Question

In a beam of electrons used in a diffraction experiment, each electron is accelerated to a kinetic energy of \(150 \mathrm{keV} .\) (a) Are the electrons relativistic? Explain. (b) How fast are the electrons moving?

Short answer

Calculate their velocity. Answer: The electrons are NOT relativistic, as the ratio of their kinetic energy to their rest mass energy is 0.293. Their velocity is approximately 2.998 × 10^8 m/s.

Step-by-step solution

Part (a): Determine if electrons are relativistic

To determine if the electrons are relativistic, we need to compare their kinetic energy with their rest mass energy. If the ratio is much greater than 1, then we can consider the electrons to be relativistic. The rest mass energy of an electron is given by the formula: \(E_0 = m_{e} c^2\) where \(m_{e}\) is the electron mass (\(m_{e} = 9.10938 × 10^{-31} \ kg\)), and \(c\) is the speed of light (\(c = 2.998 × 10^8 \ m/s\)). To make it easier to compare the kinetic energy, we can express the rest mass energy in keV by using the conversion factor \(1 \mathrm{keV} = 1.60218 × 10^{-16} \ J\). \(E_0 = m_{e} c^2 = 9.10938 × 10^{-31} \cdot (2.998 × 10^8)^2 = 8.1871 × 10^{-14} \ J\) Now we can convert this to keV: \(E_0 = 8.1871 × 10^{-14} \ J \cdot \frac{1 \mathrm{keV}}{1.60218 × 10^{-16} \ J} = 511 \mathrm{keV}\) Now we can calculate the ratio \(R\) of kinetic energy (\(150 \mathrm{keV}\)) to rest mass energy (\(511 \mathrm{keV}\)): \(R = \frac{150 \mathrm{keV}}{511 \mathrm{keV}} = 0.293\) Since this ratio is less than 1, we conclude that the electrons are NOT relativistic.

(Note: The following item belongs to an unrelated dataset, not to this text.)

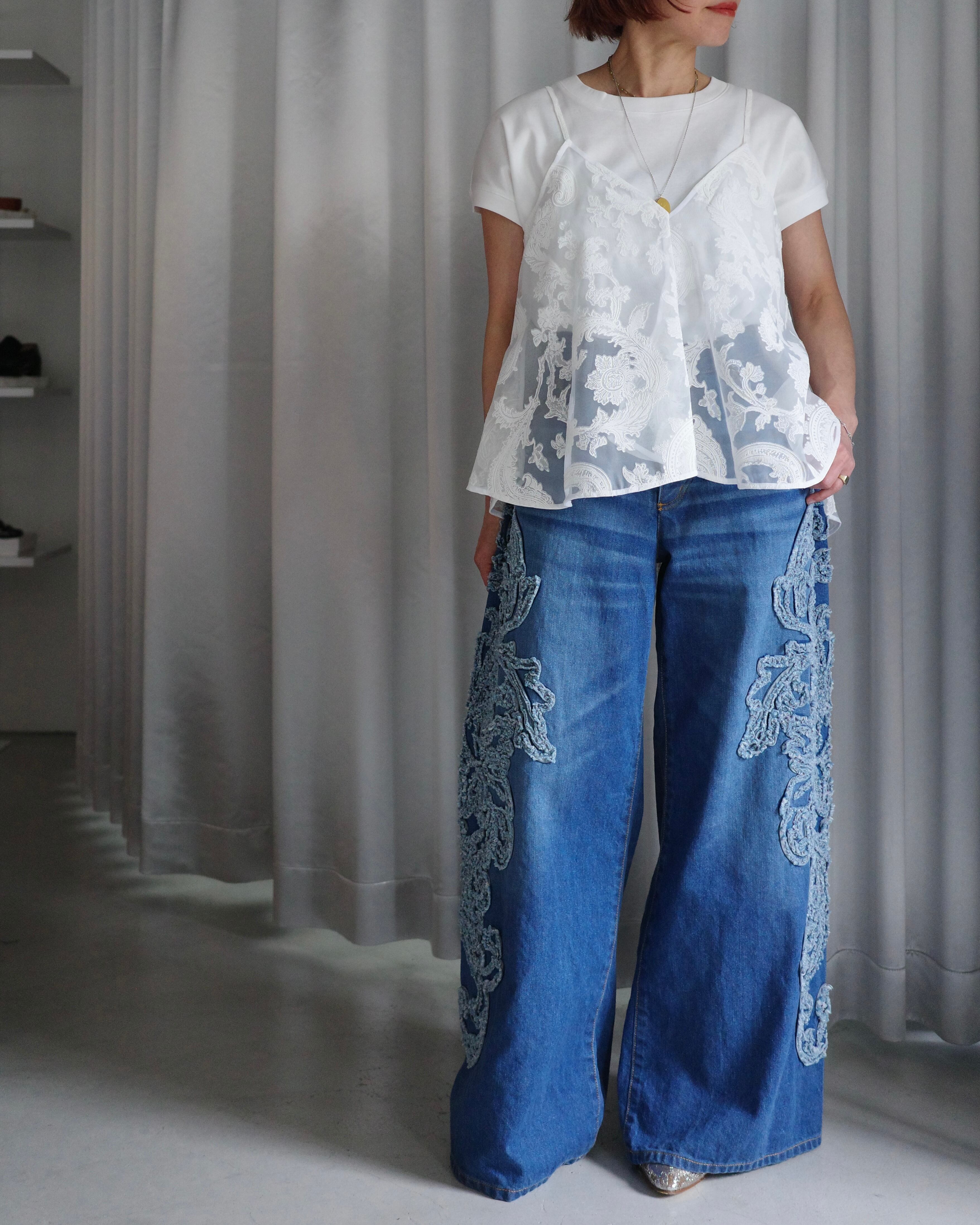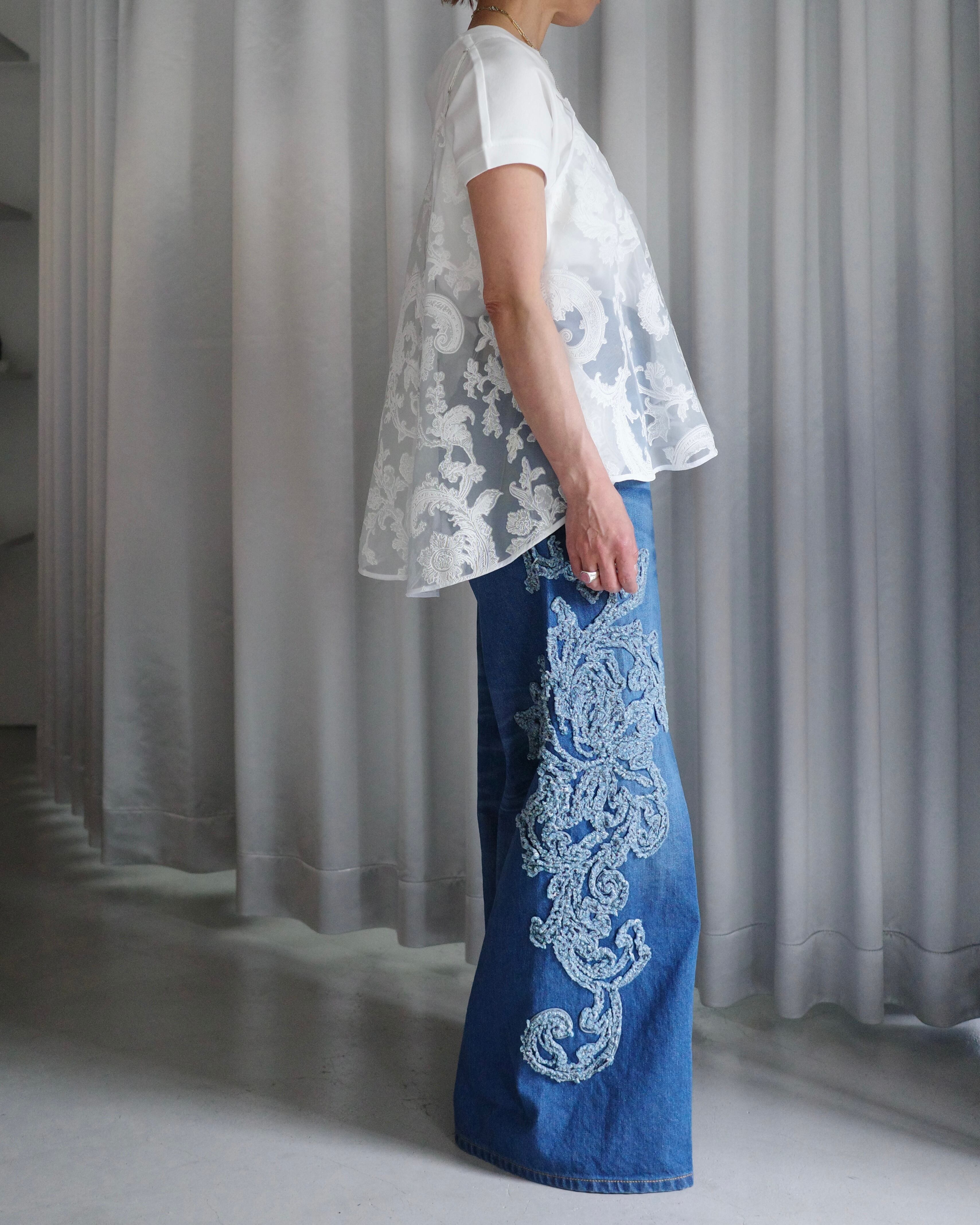 刺繍とは異なる方法で凹凸と透明感を同時に表現する、非常に高度なプリント技法から生まれた一着。

Part (b): Calculate the velocity of the electrons

Since we determined that the electrons are not relativistic, we can use the non-relativistic formula for the kinetic energy: \(K = \frac{1}{2} m_{e} v^2\) We know the kinetic energy is \(150 \mathrm{keV}\) and the electron mass is \(9.10938 × 10^{-31} \ kg\). We can convert the kinetic energy back to Joules: \(K = 150 \mathrm{keV} \cdot 1.60218 × 10^{-16} \ J/\mathrm{keV} = 2.40327 × 10^{-14} \ J\) Now we can solve for the velocity: \(v^2 = \frac{2K}{m_{e}} = \frac{2 \cdot 2.40327 × 10^{-14}}{9.10938 × 10^{-31}} = (2.998 × 10^8)^2\) \(v = \sqrt{(2.998 × 10^8)^2} = 2.998 × 10^8 \ m/s\) The electrons are moving at a velocity of approximately \(2.998 × 10^8 \ m/s\).